# Prompt:
Write out the entries below exactly, but only from the line containing "Foto 12: Armazenamento" through the line containing "TB18 med hydraulisk presening og 560x60R 22,5", and without the pictures.
(Data in this exercise begins)
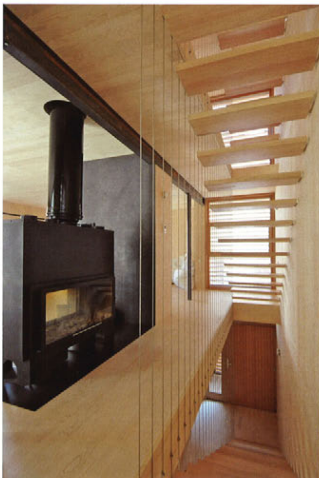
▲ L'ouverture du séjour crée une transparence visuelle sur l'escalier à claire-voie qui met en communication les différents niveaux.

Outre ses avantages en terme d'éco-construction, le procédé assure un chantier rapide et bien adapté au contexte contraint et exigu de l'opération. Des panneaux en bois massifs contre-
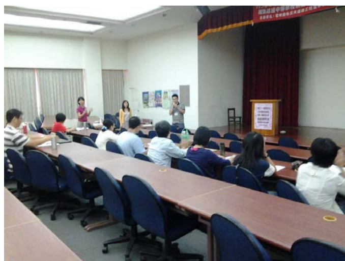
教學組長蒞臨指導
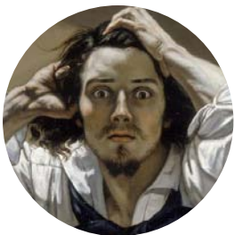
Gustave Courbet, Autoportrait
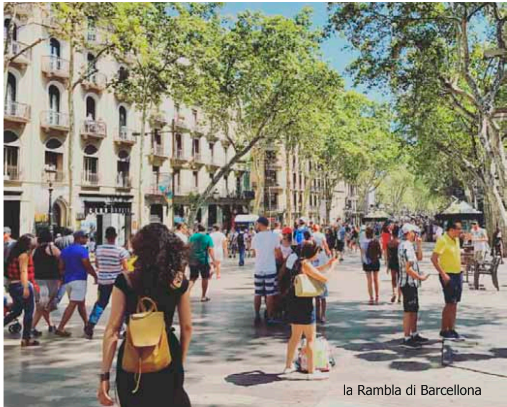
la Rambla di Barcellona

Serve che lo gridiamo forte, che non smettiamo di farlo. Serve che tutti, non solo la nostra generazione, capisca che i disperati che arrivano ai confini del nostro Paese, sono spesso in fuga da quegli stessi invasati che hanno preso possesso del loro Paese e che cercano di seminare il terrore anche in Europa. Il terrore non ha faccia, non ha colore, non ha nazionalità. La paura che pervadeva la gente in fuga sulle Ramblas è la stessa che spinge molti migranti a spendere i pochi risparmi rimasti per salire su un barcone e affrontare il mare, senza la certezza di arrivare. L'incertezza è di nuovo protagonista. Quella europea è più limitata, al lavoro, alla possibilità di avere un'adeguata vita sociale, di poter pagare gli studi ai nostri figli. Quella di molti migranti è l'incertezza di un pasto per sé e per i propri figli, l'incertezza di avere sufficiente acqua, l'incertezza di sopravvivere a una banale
(Data in this exercise ends)
(Data in this exercise begins)
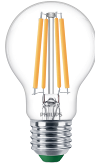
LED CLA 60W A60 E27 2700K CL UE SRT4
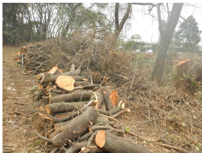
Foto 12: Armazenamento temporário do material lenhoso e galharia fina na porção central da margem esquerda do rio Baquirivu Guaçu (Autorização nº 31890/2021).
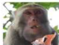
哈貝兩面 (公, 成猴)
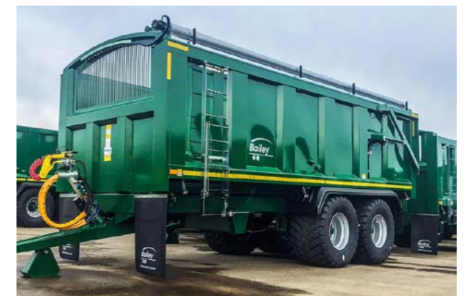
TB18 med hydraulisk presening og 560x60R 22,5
(Data in this exercise ends)
# Response:
Foto 12: Armazenamento temporário do material lenhoso e galharia fina na porção central da margem esquerda do rio Baquirivu Guaçu (Autorização nº 31890/2021).
哈貝兩面 (公, 成猴)
TB18 med hydraulisk presening og 560x60R 22,5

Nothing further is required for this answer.